How many images can fit in a TIFF file?

Posted by Steve Eddins, September 16, 2007

15 views (last 30 days) | 0 Likes | 51 comments

Note added July 30, 2008: See this post for an update.

In a comment on my R2007b post last week, Vincent wanted to know why imread and imwrite are slow when dealing with TIFF files containing tens of thousands of images. We have been hearing from other customers recently about the need to work with such TIFF files.

TIFF files can store an unlimited number of separate images. Each image has an IFD, or Image File Directory, that records where that image's data and metadata is stored in the file. The interesting thing is that the image data and the IFDs can be stored anywhere in the file, in any order. The first few bytes of the file tell you the location of the first image's IFD. The first image's IFD tells you the location of the 2nd IFD, and so on, in the fashion of a linked list.

So to find the k-th IFD, you have to find and read the 1st IFD, then the 2nd, all the way up to the (k-1)-st IFD.

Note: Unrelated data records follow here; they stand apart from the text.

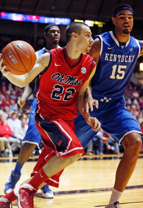 Ole Miss' Marshall Henderson (#22) looks to get around Willie Cauley-Stein (#15) while Alex Poythress looks on in the background
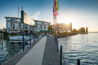 Sur le plan culinaire, l'hôtel Bad Horn & Spa propose différents itinéraires pour prendre le large. L'un des points forts de l'établissement est le "Faro Bar", conçu comme le pont d'un paquebot de luxe - avec vue sur l'immensité du lac de Constance. Lors des froides journées d'hiver, le feu de cheminée réchauffant invite à la détente et lors des journées d'été ensoleillées, la terrasse panoramique.
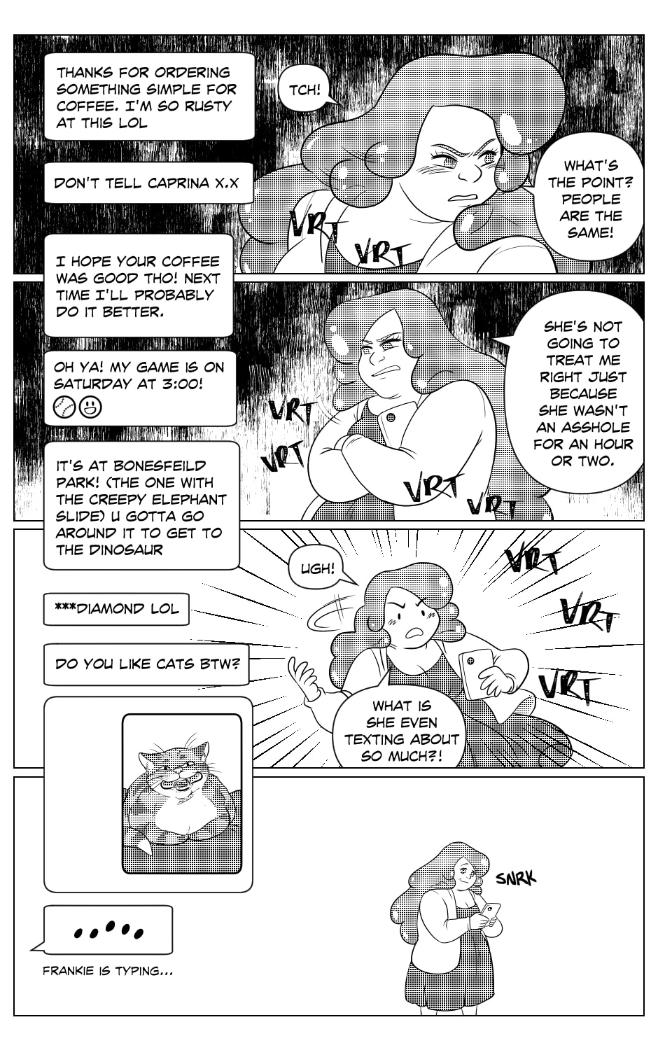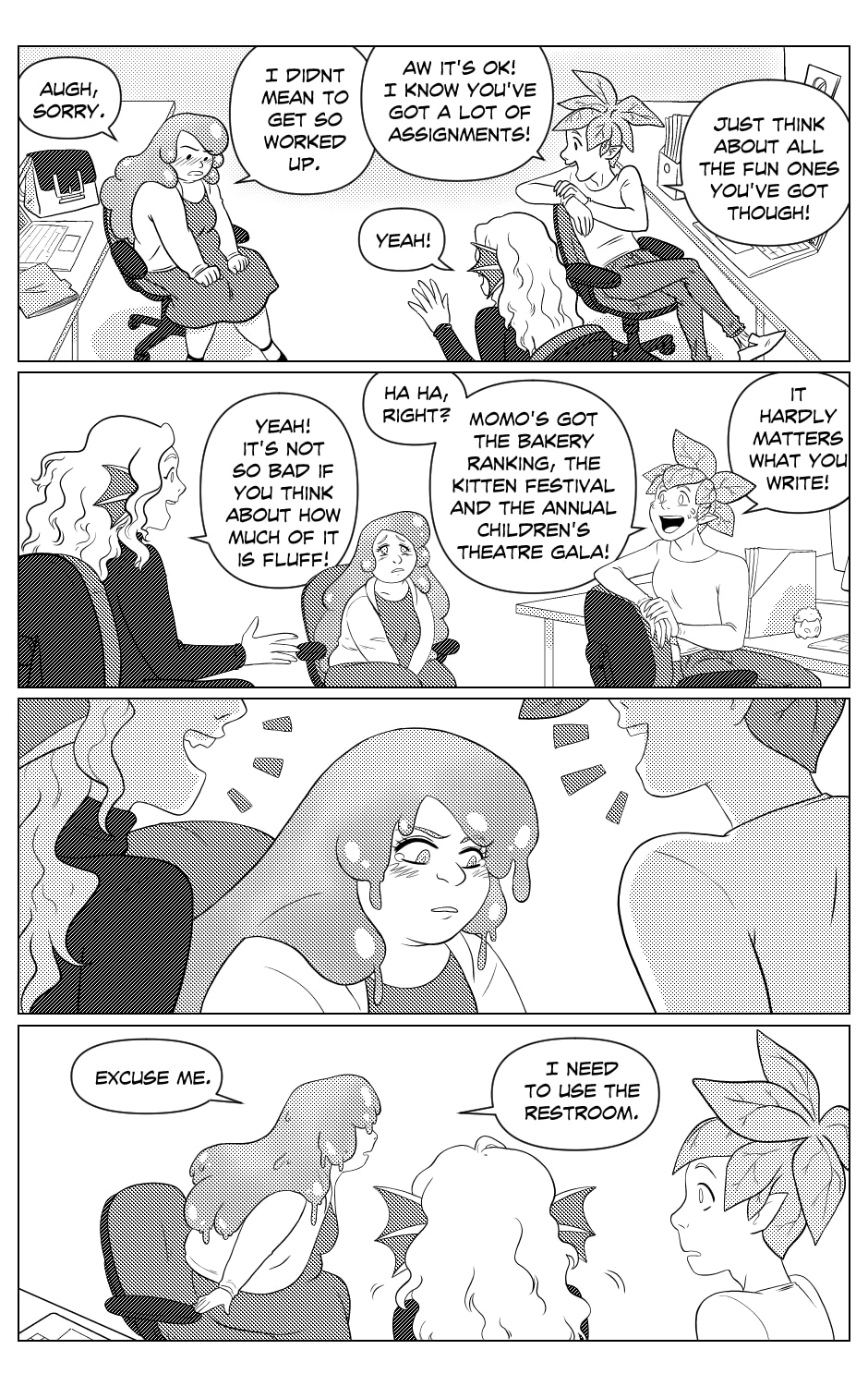 Frankie is young monster who’s life often feels like it’s about to unravel— she can’t even count on getting through a softball game with all her limbs still attached! When she meets Momo, a girl who— despite being made of squishy, pink slime— is as sharp as she is cute, Frankie wants nothing more than to get closer to her. In order to do that however, Frankie now finds herself having to thread the needle around a new job, a scheming skeleton and the world’s hairiest ex-girlfriend drama. Join Frankie in a world full of monsters, magic and (hopefully!) love, as she tries her best to set the seams on an exciting new life!

When you call imread to read in the k-th image, the function only returns the image data. It does not return any information about the IFD locations. That means that when you call imread again to read in the (k+1)-st image, it has to start over, finding and reading all the IFDs from the first one.

Unfortunately, this scheme doesn't scale well (it's order N²), so it can be slow to read tens of thousands of images from the same file.

There's a similar problem with imwrite. When using the 'WriteMode','append' option, imwrite is designed to append a new image to an existing, complete, valid TIFF file. The file may have been written in another session of MATLAB, or by another application completely. To append correctly, you have to find the last IFD, which unfortunately means that you have to search through all the IFDs. Each call to imwrite can't take advantage of what the previous calls learned about where the IFDs are.

I believe that improving performance for this kind of TIFF work flow requires new syntax designs, or possibly new functions. To help us prioritize and then design such work well, we'd like to hear more about your work flow that involves such TIFF files. Where do they come from? Why are you using TIFF and not some other format? Do you need to read them, create them, or both? Do you know before you begin writing how many images you'll be adding to the file? Do you need the output file to be a valid TIFF file after every step, or can you tolerate a final "close" operation? Do you continue adding images to the file in subsequent MATLAB sessions? I've seen a tool that takes a directory full of single-image TIFF files and merges them quickly into a multipage TIFF file. Would something like that be helpful to you?

Put your feedback here, and thanks for taking the time.